The Mudcat Café TM
Thread #63952   Message #1091952
Posted By: AllisonA(Animaterra)
13-Jan-04 - 01:07 PM
Thread Name: BS: Bereavement
Subject: RE: BS: Bereavement
Oh, David, how kind you are to ask. I've been thinking of you, too.

It's been 101 days since Byron died. I promised myself I'd stop counting after 100. I still cry every single day, I still can't really believe he's dead. I still miss him like I'd miss an arm or a leg. I am still so much in love with him.

I've lost nearly 20 lbs, but that seems to be stabilizing.

Most of my friends don't bring him up much in conversation anymore.
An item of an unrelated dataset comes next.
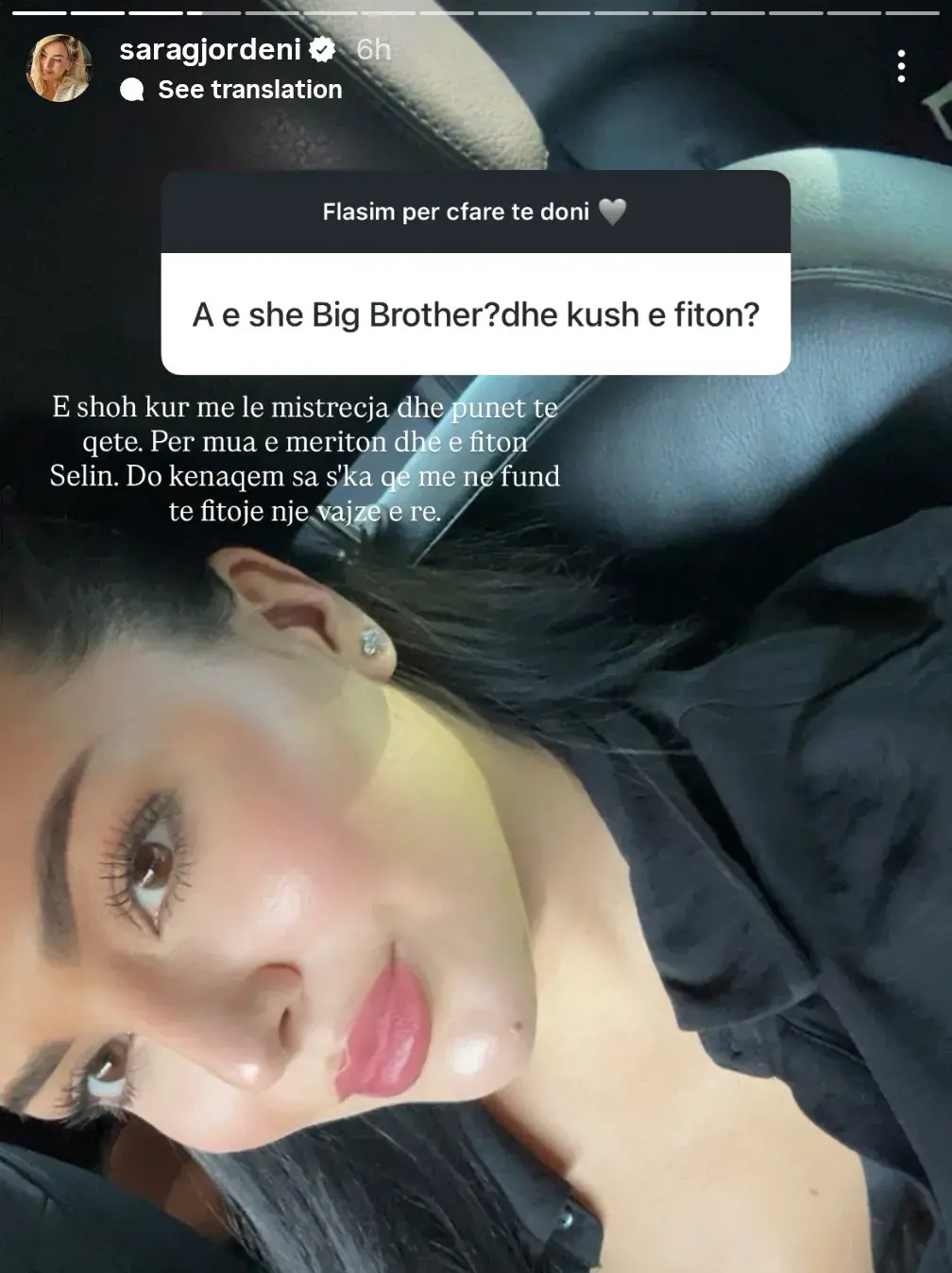 “Për mua e meriton dhe e fiton Selin. Do kënaqem sa s’ka që më në fund të fitojë një vajzë e re,” ka shtuar ajo në postimin e saj në InstaStory.
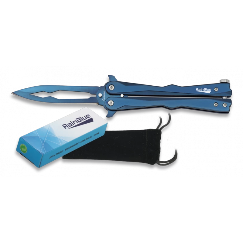 Il est entièrement bleu, c’est le couteau papillon Rainblue muni ici de la référence 02133 ! Ce modèle est caractérisé par un manche en aluminium de forme originale, on peut même apercevoir le logo Rainblue en blanc. Une forme géométrique composée de lignes inclinées pour un effet très déstructuré ! Côté lame, elle est conçue en acier inoxydable et mesure 91mm de longueur. Sa particularité, c’est d’être ajourée par un motif également géométrique pouvant par exemple faire penser à une épée. Fabriqué en Espagne, ce balisong Rainblue 02133 est vendu avec son étui noir en velours (voir photo), parfait pour ne pas abîmer son couteau papillon lors des déplacements et mouvements.

He's part of their past, though he's still so much a part of my present.

But the daily existance part of this is easier. I can also laugh, joke, get through each day. I'm having the hardest time with getting ready for a new chorus concert season- just finding the time and collecting the music feels more like a chore. And Byron used to record my "teaching tape" for me, and I have to do it on my own with the lowest possible technology this year. That feels like more work than I feel up to.
But I sing with friends, and I'm learning to play the concertina, which feels like the instrument I've been lookng for all my life!

So, I'm surviving, despite my expectations. And I'm grateful for good friends.